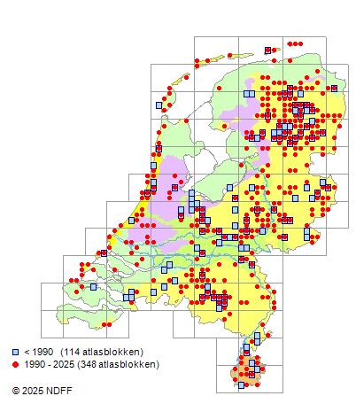 Het aantal atlasblokken (5x5 km) waarin de soort is gemeld binnen een periode van vijf jaar (vanaf 1980) of twintig jaar. Niet gecorrigeerd voor waarnemersinspanning en het aantal doorgegeven waarnemingen kan sterk variƫren per periode, dus een trend in verspreiding kan hier niet direct uit worden afgelezen. Het opgegeven jaartal is het eerste jaar van de periode. Bron: gevalideerde waarnemingen uit de NDFF.
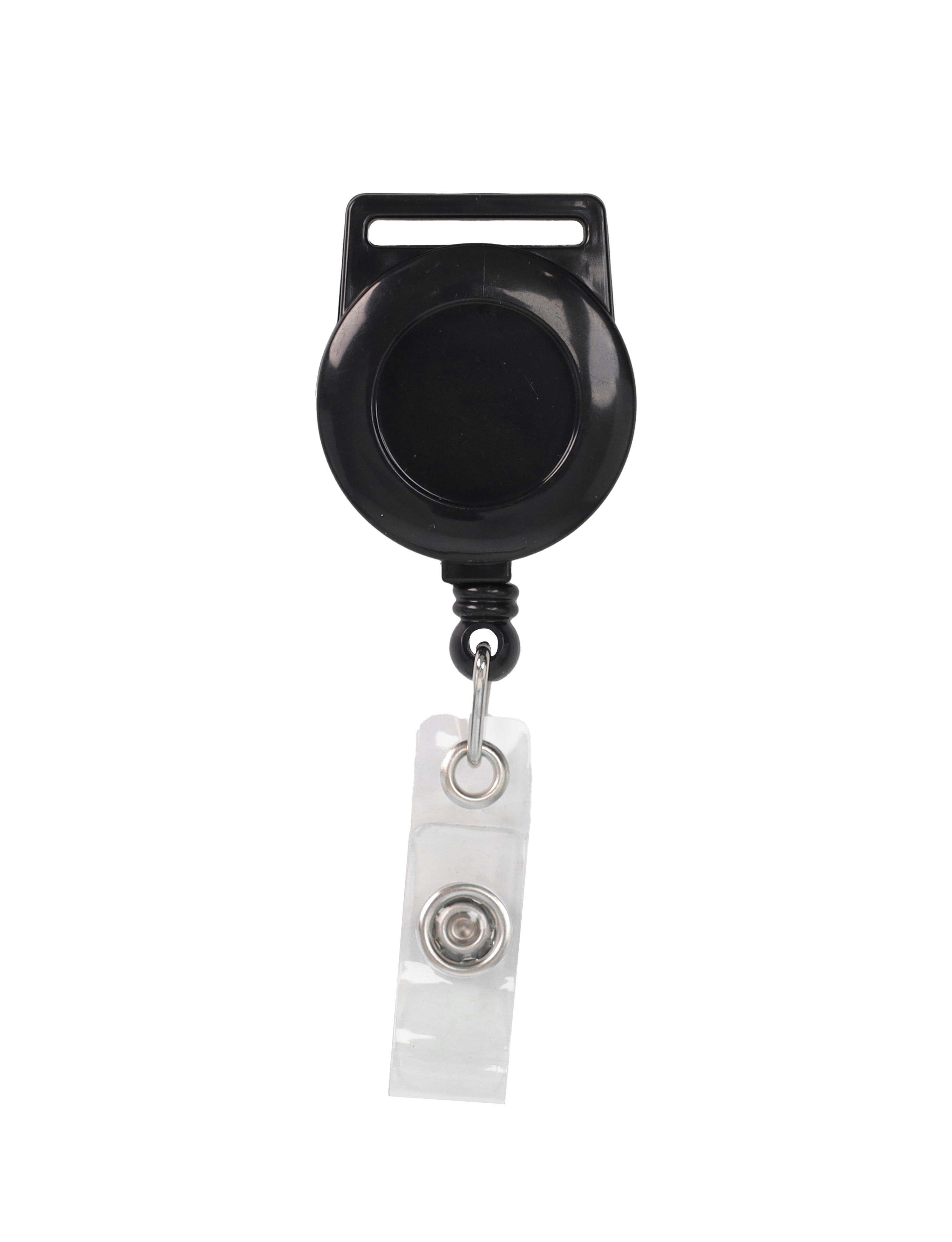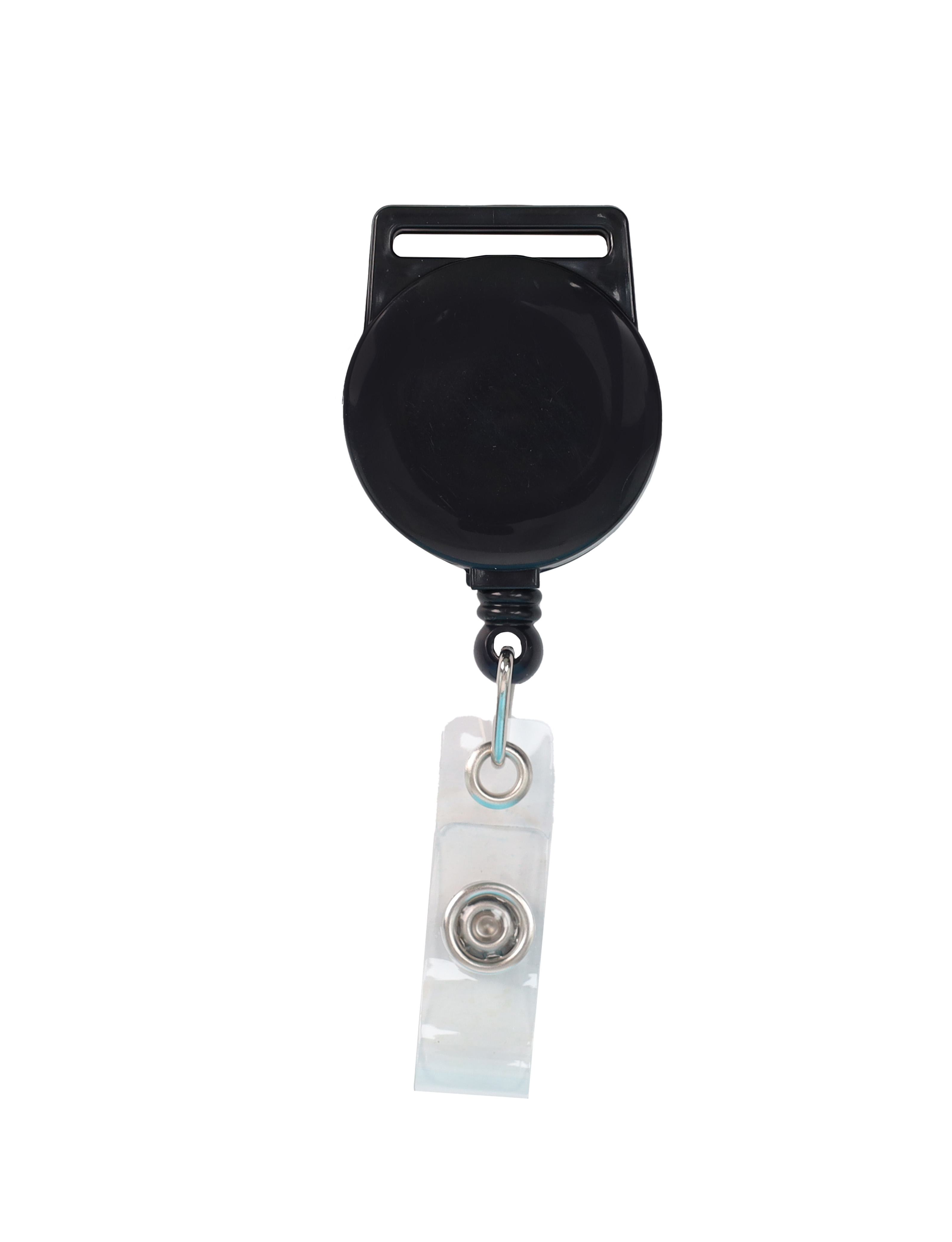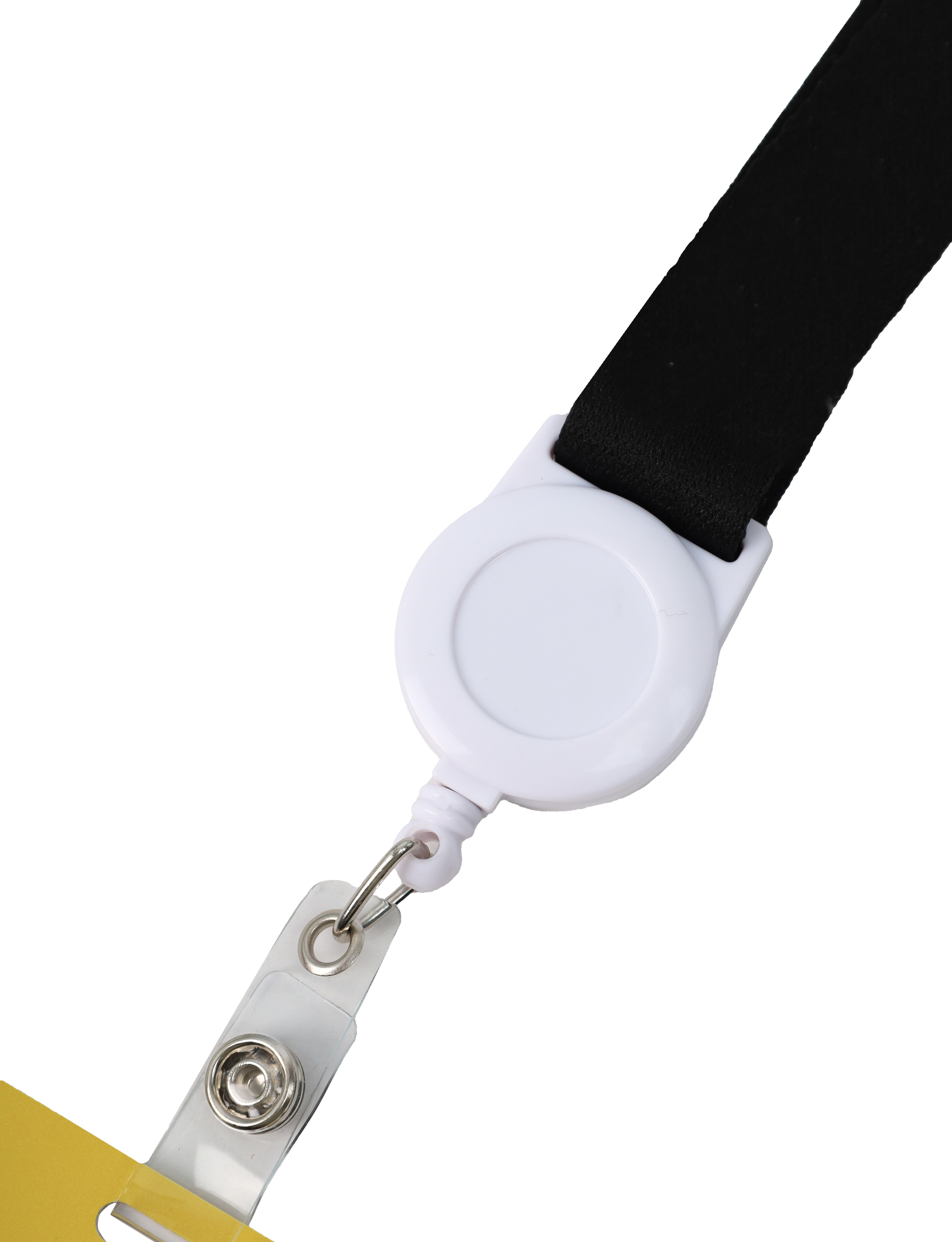 -Material: Plastic + PVC -Clip on the Back -Clip on the Top for Lanyards of up to 20 mm -Sizeable Imprint Area -Attached with a PVC strap for ID badge or card, keys, etc
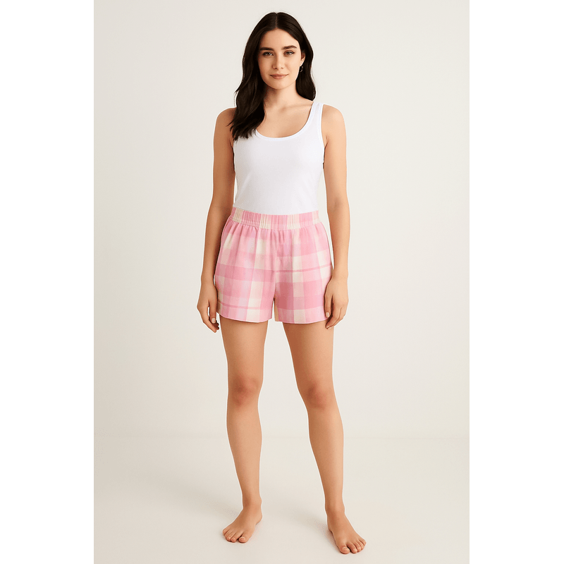 Pantaloni scurți de pijama cu carouri roz – 100% bumbac N2501G3003
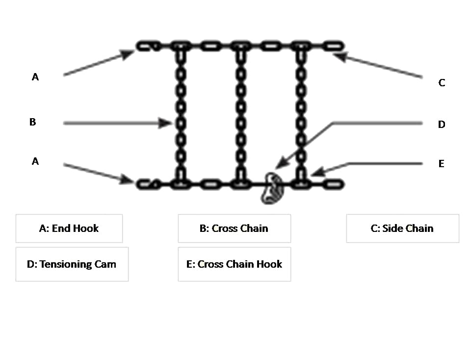 Cam Tire Chains - The four outside tensioning cams contribute to a secure & snug fit around the tires. This ensures that the wheel chains for snow remain properly aligned & in place, minimizing the risk of slippage or disengagement during operation.
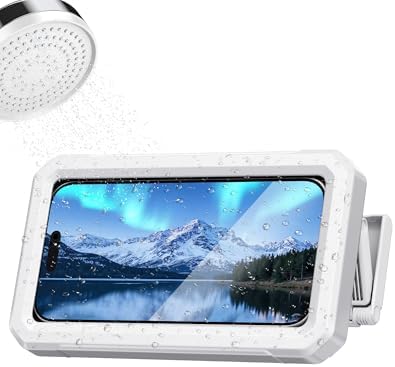 Shower Phone Holder Waterproof - 480° Rotatable Retractable Adjustable Phone Case for Shower - Bathroom Accessories Wall Mount Phone Holder for iPhone 17/16 Pro Max
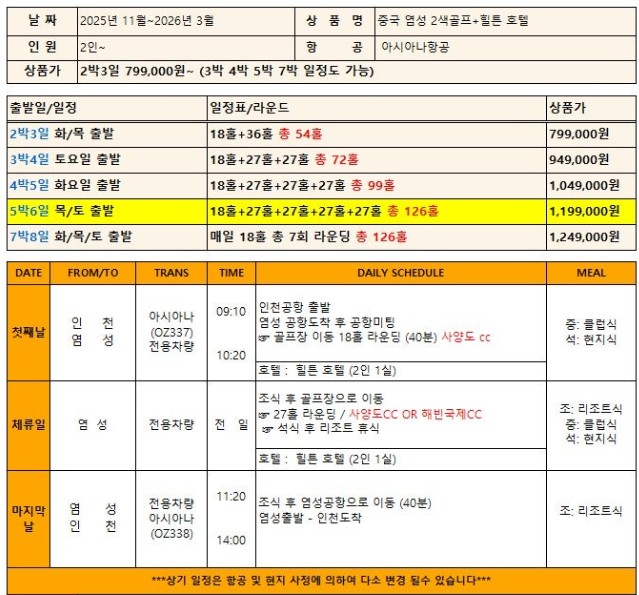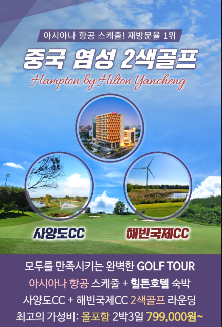 2021년 리노베이션을 통해 재오픈한 힐튼호텔은 250여개의 객실을 보유하고 있는 염성 시내에 위치한 특급호텔입니다. 현대적인 인테리어를 갖추고 있고 친절한 서비스와 깨끗하고 넓은 객실, 특히 호텔 바로 앞에는 스타벅스와 KFC가 있고 대형 쇼핑센터와 호텔이 바로 연결되어 있어 저녁 식사후 쇼핑등 다양한 활동을 할 수 가 있습니다 또한 도보로 10분거리에 재래시장이 있어 골프 & 관광 모두의 만족을 드릴 수 있는 호텔입니다 🌸힐튼 호텔 조식🌸 | ||||||||
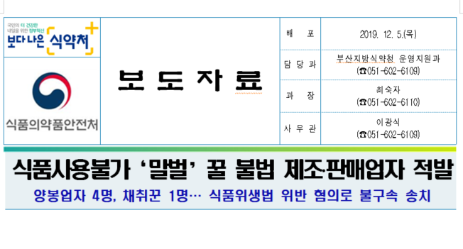 [보도자료]식품사용불가 '말벌' 꿀 불법 제조 · 판매업자 적발

-.-.-

§ **INSTRUCTIONS TO FOLLOW**: Reproduce verbatim the lines of the material above, beginning with its first line and ending with the line that contains "Pantaloni scurți de"; skip pictures.

§ **ANSWER SPACE**:
 Het aantal atlasblokken (5x5 km) waarin de soort is gemeld binnen een periode van vijf jaar (vanaf 1980) of twintig jaar. Niet gecorrigeerd voor waarnemersinspanning en het aantal doorgegeven waarnemingen kan sterk variƫren per periode, dus een trend in verspreiding kan hier niet direct uit worden afgelezen. Het opgegeven jaartal is het eerste jaar van de periode. Bron: gevalideerde waarnemingen uit de NDFF.
 -Material: Plastic + PVC -Clip on the Back -Clip on the Top for Lanyards of up to 20 mm -Sizeable Imprint Area -Attached with a PVC strap for ID badge or card, keys, etc
 Pantaloni scurți de pijama cu carouri roz – 100% bumbac N2501G3003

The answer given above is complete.